Если возвращаться к шаманской сказке мы видим в ней те же, характерные и для нагуализма мотивы ухода в лес и поиска своих. Только шаман совершает метафизическое путешествие, тогда как в нагуализме путь в лесное иномирье вполне реален. Физически шаман может находиться у себя в юрте, правда и климат для похода в лес не особо способствует. В климате в котором распространён нагуализм можно уйти в лес или в саванну, выбрать себе нагвалем ящерицу и неделю ждать, пока ящерица выйдет к нему и скажет «Ты – сын мой возлюбленный». Сам факт генетического родства с ящерицей или другим животным позволяет датировать время возникновения нагуализма тем временем, когда ещё живы воспоминания о лесных людях, но когда они уже обиделись и ушли от обычных людей.

У шамана есть уход в иномирье и поиск своих. Он аналогичен и тому, что мы видим в поиске чудесной жены. В шаманской сказке есть и мотив чудесного зачатия от духов.

В нагуалистической сказке может быть чудесное зачатие героя от богомола, крокодила, ящерицы или быка (а в тотемной сказке – зачатие героя первопредка), мы понимаем, что это физически невозможно, но мы должны предложить этому некоторое реальное объяснение. В европейской сказке помимо мотива обретения героем волшебного помощника нагуализм проявляется и в мотивах чудесного зачатия героя от связи матери с крупным лесным животным, прежде всего с медведем, который больше всего внешне напоминает неандертальца (лесного человека). На нагуалистические ассоциации наводит и внешнее сходство лица человека, его повадок, жестов, мимики с теми или иными животными, например, в подростковом возрасте.

У меня в подростковом возрасте был сосед, у которого было лицо, напоминавшее утиную морду. Это как раз время, когда пошли «Утиные истории».

Раз в сказках есть такое потомство от связи с животными, оно должно указывать на некую историческую реальность. Мы видим, что схожие процессы в Евроафриканской зоне и в Азии идут различными путями. При этом шаманская сказка в какой-то мере параллельна и королевской сказке и инициации мага с одной стороны и циклу нагваля. При этом тотемические верования есть и у чистых монголоидов, которые происходят ещё от дотобанской волны. Тотемизм распространён шире, чем нагуализм.

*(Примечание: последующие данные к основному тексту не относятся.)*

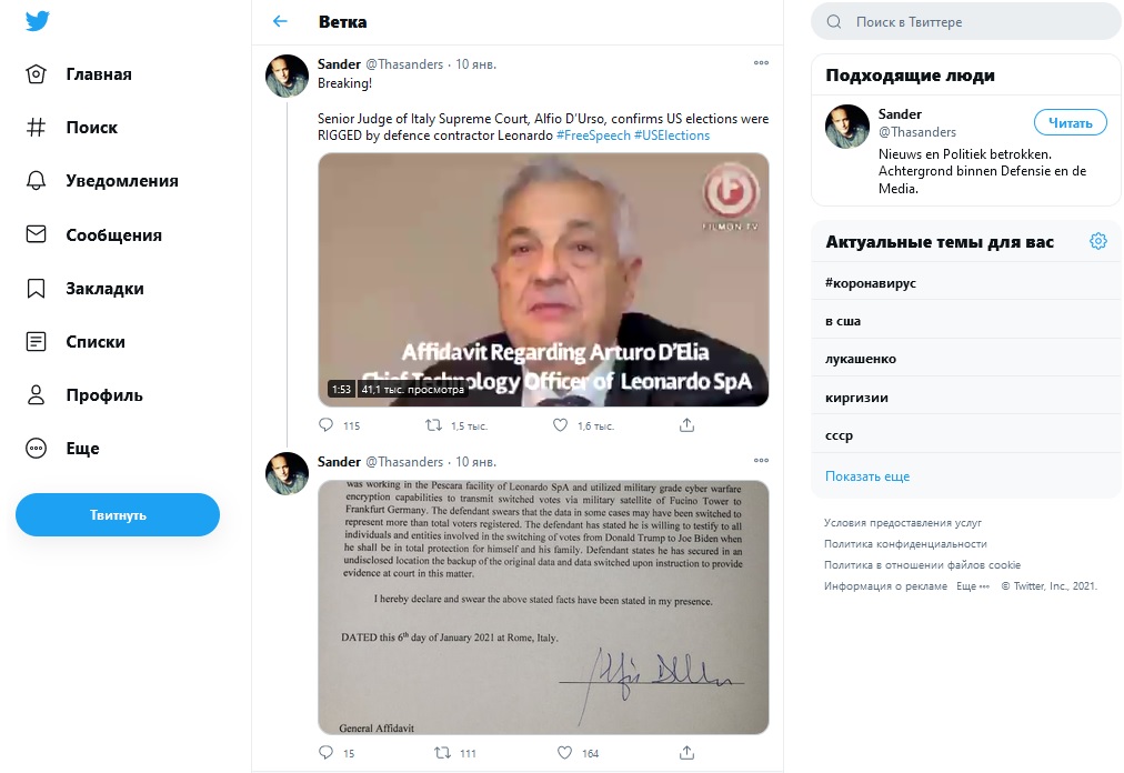 По словам адвоката, ещё 5 января итальянская полиция задержала ИТ-эксперта Артуро Д'Элиа, работавшего непосредственно на компанию Leonardo SpA. Программист признался, что был одним из тех, кто напрямую "нажимал на кнопку", чтобы обеспечить Байдену необходимый приток голосов,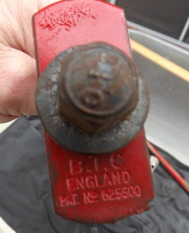 Description This BTC A frame jack looks similar the previous entry except for the inverted 'U' lifting arm. The jack is 17.875" tall to the top of the hexagon nut and 6.875" wide at the base. The hexagon nut is 0.68" (11/16") across the flats. The inverted 'U' lifting arm is 4.375" long and 0.812" (13/16") wide. The stamping on the base reads B.T.C ENGLAND PAT No 625500. Applicable Vehicles: Not known. Jack Handle Type: Starter handle as above or a separate wheel nut wrench. Year Dates Noted: Circa 1958. Value: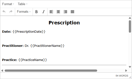 Printing Snippets also supports the use of placeholders, which automatically insert relevant details such as Patient, Practice, or Invoice information when added to a document. This functionality allows you to create consistently styled and accurately populated sections, enhancing efficiency, accuracy, and brand consistency across all Practice correspondence.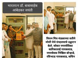 मोशीमध्ये त्रिरत्न मित्र मंडळाच्या वतीने भारतरत्न डॉ. बाबासाहेब आंबेडकर यांच्या जयंतीचे औचित्य साधून ग्रंथालयाची स्थापना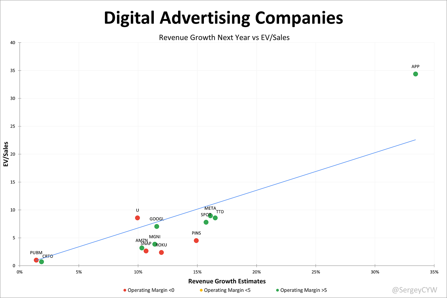 Analysts forecast $TTD’s revenue growth at +18.2% for 2025 and +16.5% for 2026. Based on these projections, The Trade Desk appears undervalued on an EV/Sales basis relative to other digital advertising companies. It’s also worth noting that analysts’ revenue growth forecast for The Trade Desk is among the highest in digital advertising, second only to $APP.

Что есть общего у шаманского цикла с циклами короля и мага? Речь идёт об инициации особых, чудесных детей. И шаман и король и маг вступают в коммуникацию с иномирьем, они приходят туда, они совершают там какие-то действия, но в результате каждый получает своё: шаман – покровительство духов и через них суперспособность, маг может получить или помощника или суперспособности или и то и другое. Помощник в большей степени характерен для сатанизма и христианства, тогда как европейские маги действуют собственными способностями. Король становится стражем портала и хранителем своей местности. Король / маг общаются с иномирьем совсем по другому. Если шаман приглашает к себе духов для обеспечения каких-то своих потребностей или потребностей обратившихся к нему людей, то король / маг являются хранителями своей земли, оберегающими наш мир от вторжения духов из иномирий. И в этом пролегает существенная граница между представлениями об иномирьях в шаманизме и европейской сказке и о функциях чудесного человека. Шаман живёт в мире духов, тогда как маг и король живут в нашем мире. Аудитория шаманской сказки также живёт в мире духов. Простолюдин шаманского культурного круга может ничего не понимать о мире духов, но он знает, что он живёт в мире духов и ему в случае чего нужно обратиться к шаману, как к тому, что знает как с ними общаться. В мире королевской или магической сказки их аудитория живёт в нашем мире, в мире в котором чудесное если и встречается, то где-то там на границе с иномирьем, такое чудесное уникально и должно быть упорядочено. А если иномирье прорывается в наш мир, то оно может быть злым и для этого есть король или маг, которые должны справиться с попавшим в наш мир злом. Король / маг должны обеспечить порядок на своей территории, тогда как шаман не должен охранять и беречь территорию своего племени.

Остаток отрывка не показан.